Two people were killed Saturday in clashes that erupted again after a relatively calm night at Ain al-Helweh, a restive Palestinian refugee camp in Lebanon's south, official media reported.
Fresh violence broke out late Thursday in Ain al-Helweh, on the outskirts of the coastal city of Sidon, just weeks after deadly clashes pitted members of Palestinian president Mahmud Abbas's Fatah movement against Islamist militants.
Ongoing fighting inside the camp on Saturday killed one person and wounded seven others, Lebanon's official National News Agency (NNA) said.

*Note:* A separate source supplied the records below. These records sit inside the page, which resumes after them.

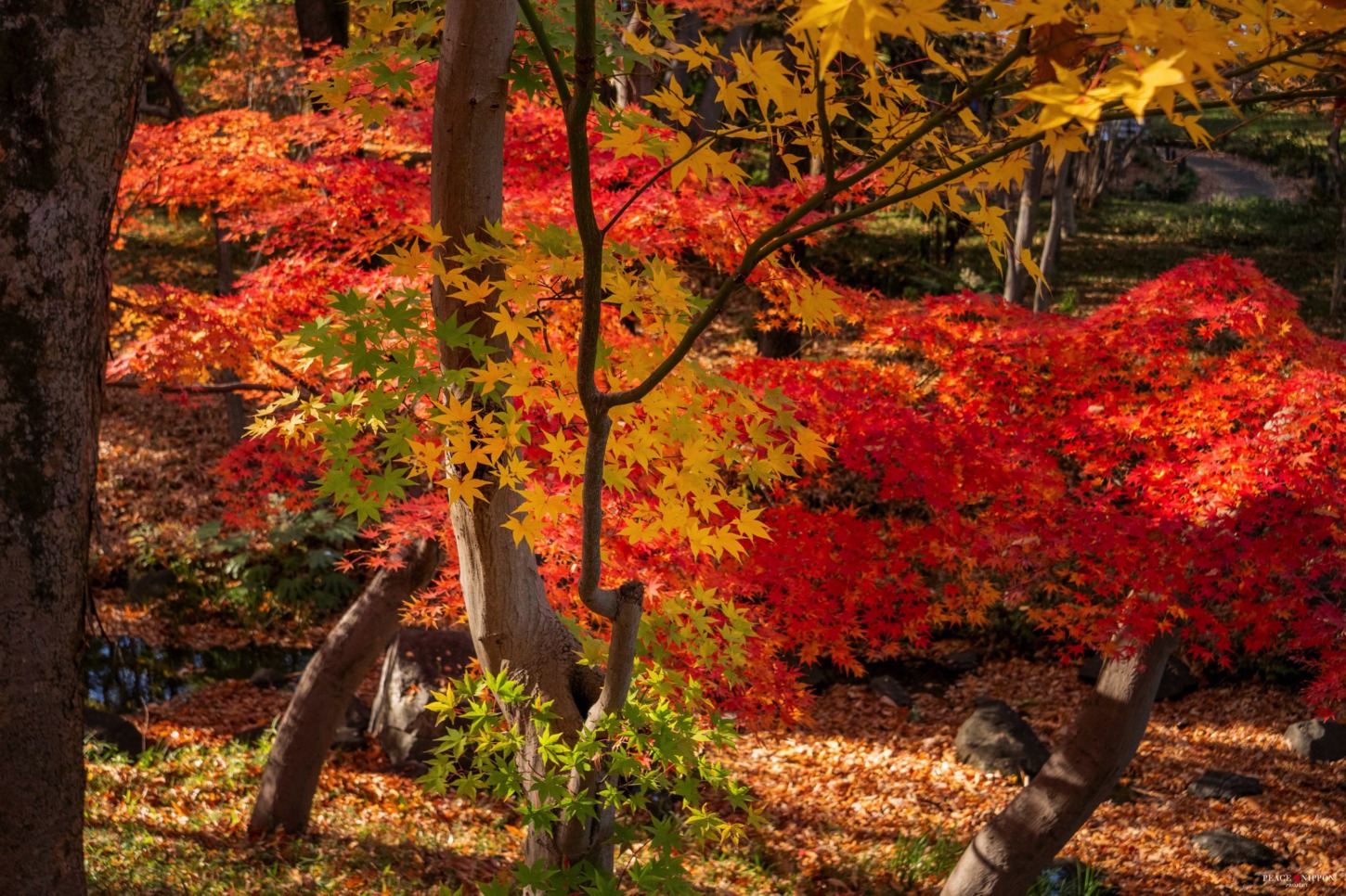 西側に紅葉が多くある場所があります。色とりどりで美しいです。
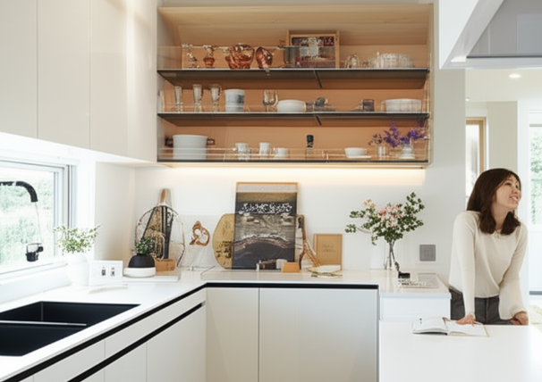 お気に入りの食器や小物をディスプレイすることで、キッチンが単なる作業場ではなく、住まいの中心となるおしゃれな空間へと変貌します。
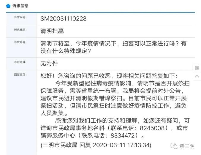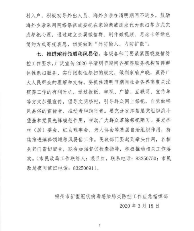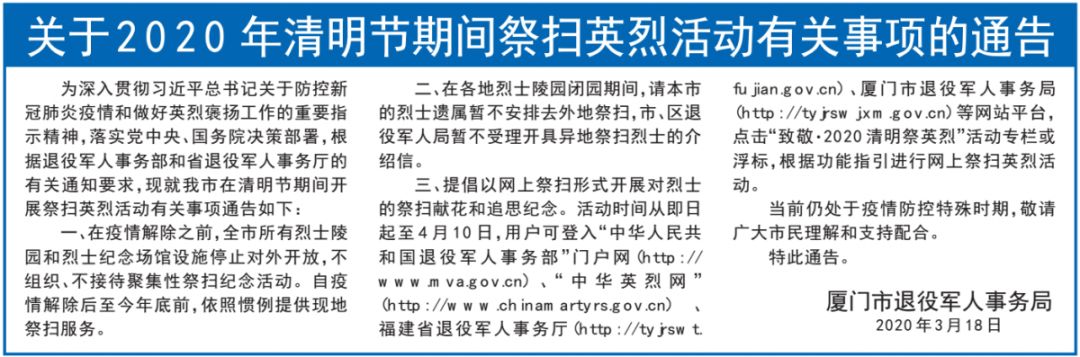 今年清明节,正值新冠肺炎疫情防控工作的攻坚期、关键期。为扎实做好疫情防控工作,避免清明节期间因人员聚集引发病毒传播和交叉感染,根据民政部办公厅关于做好2020年清明节祭扫工作的通知精神和福建省“十个不放松”“十二个加强”要求,现就清明期间暂停群众现场祭扫活动通告如下:

A source in the camp's Palestinian leadership told AFP on condition of anonymity that the man killed was an Islamist militant.
The NNA said a second person was killed and several others wounded outside Ain al-Helweh by stray bullets.
While calm had largely prevailed overnight, heavy clashes broke out on Saturday morning, an AFP correspondent in Sidon said, reporting the sound of automatic weapons and rocket propelled grenades.
A public hospital directly adjacent to the camp transferred all its patients to other facilities due to the danger, its director Ahmad al-Samadi told AFP.
Ain al-Helweh is home to more than 54,000 registered refugees and thousands of Palestinians who joined them in recent years from Syria, fleeing war in the neighbouring country.
The camp, Lebanon's largest, was created for Palestinians who were driven out or fled during the 1948 war that coincided with Israel's creation.
In the worst outbreak of violence in the camp in years, five days of clashes that began in late July left 13 people dead and dozens wounded.
Those clashes erupted after the death of an Islamist militant, followed by an ambush that killed five Fatah members including a military leader.
The United Nations' resident coordinator in Lebanon, Imran Riza, on Friday urged "armed groups to stop the fighting in the camp" and to "immediately" vacate schools belonging to the UN agency for Palestinian refugees, UNRWA.
"The use of armed groups of schools amounts to gross violations" of international law, Riza said in a statement.
Lebanon hosts an estimated 250,000 Palestinian refugees, according to UNRWA.
Most live in one of Lebanon's 12 official camps, and face a variety of legal restrictions including on employment.
By long-standing convention, the army does not enter Palestinian camps -- now bustling but impoverished urban districts -- leaving the factions themselves to handle security.